Data-mining is a form of publication bias, in which researchers look at many possible analyses of the data they collect, and present only the analyses most favorable to the conclusions they’re hoping to find. We were concerned about this issue for the series of deworming studies because

  • The first study (Miguel and Kremer 2004) drew a great deal of attention for its positive result (regarding the positive impact of deworming on school attendance), raising the possibility that researchers had the incentive to declare positive results from subsequent studies as well.
  • Different studies used different definitions of “treatment group,” and emphasized different outcomes (for example, the initial study emphasized school attendance; the second emphasized height; the third emphasized earnings).

What we found

After performing our own analysis, we are less concerned about this issue than we were previously. Changing our definition of the “treatment group” didn’t have much impact on the findings, and while the authors did share some outcomes with us that had not been reported in the paper, there were not a lot of these and they didn’t significantly change the picture.

That said, there do remain some reasons to be concerned about this issue. The authors of the most recent follow-up study (the one emphasizing earnings) shared not only data but also their funding proposal and survey questionnaire with us, and we note that

  • The survey was extensive, and included a lot of information that wasn’t included in the data that researchers analyzed. We weren’t surprised to see that this was the case (the follow-up study aimed to collect a rich data set, not just data customized for the questions it was asking), but it still raises the possibility that bias could have crept into the process of transforming raw survey answers into analyzable data.
  • The funding proposal expressed an interest in a wide variety of outcomes, including educational attainment, labor market outcomes (measurable in multiple ways, though the authors stated to us that one of the statistically significant positive effects described in the paper, labor market earnings, is the “canonical” measure for the field of labor economics), cognitive performance, happiness, health measures, and more; it did not clearly declare that any particular one was the primary outcome of interest.We attempted some rudimentary analysis of whether this fact could have facilitated spurious findings, and didn’t find strong reason to think that the findings were spurious. However, we struggled with the question of how a study’s findings should be adjusted for the fact that it had a larger universe of multiple outcomes that it could have chosen to emphasize; normal statistical adjustments for multiple comparisons do not perform well in cases with large numbers of ambiguous outcomes.

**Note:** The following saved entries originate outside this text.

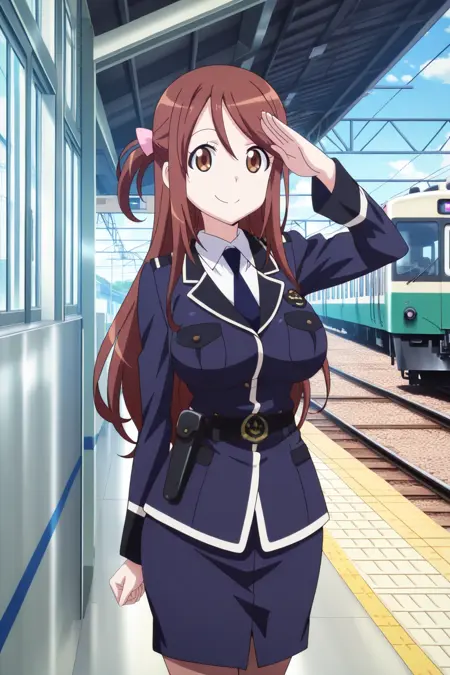 iida nana, 1girl, solo, brown hair, long hair, one side up, hair bow, pink bow, brown eyes, large breasts, police uniform, blue vest, white shirt, collared shirt, long sleeves, blue skirt, pencil skirt, blue necktie
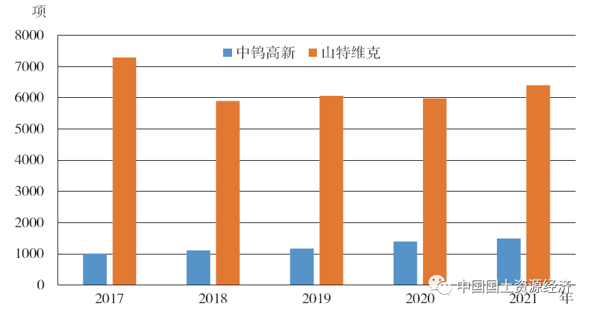 圖4 2017—2021年中鎢高新與山特維克有效專利對比
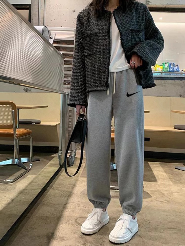 Nike耐克经典小钩百搭宽松冬季加绒加厚卫裤束脚裤休闲裤
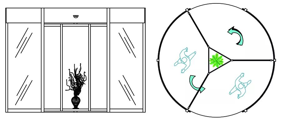 功能齐全的两翼自动旋转门有助于为机场、医院、银行、酒店、超级市场等建筑提供系统的高人流量进出口解决方案。
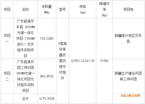 本次組件采購包括廣東能源莎車縣2000MW光儲一體化項(xiàng)目(550MW部分)光伏組件采購項(xiàng)目、廣東能源兵團(tuán)三師45團(tuán)350MW光儲一體化項(xiàng)目光伏組件采購項(xiàng)目的單晶雙面雙玻太陽能光伏組件及配套組串引出線用接插件、備品備件、專用工具和技術(shù)服務(wù),具體數(shù)量及要求如下:

We feel that the issues above would have been much easier to resolve if the authors of the studies had preregistered their studies, declaring in advance what their primary and secondary outcomes and analyses of interest were. This is not to say that the authors have done anything unusual or wrong; our understanding is that preregistration was extremely rare (perhaps nonexistent) in economics at the time the study was done. In fact, Ted Miguel, one of the authors of the study, has gone on to co-author one of the first studies we’ve seen in this field that does utilize (and discuss) preregistration. Our point here is just that the practice of preregistration carries substantial credence benefits with us as consumers of research, and would affect our qualitative assessment of these findings.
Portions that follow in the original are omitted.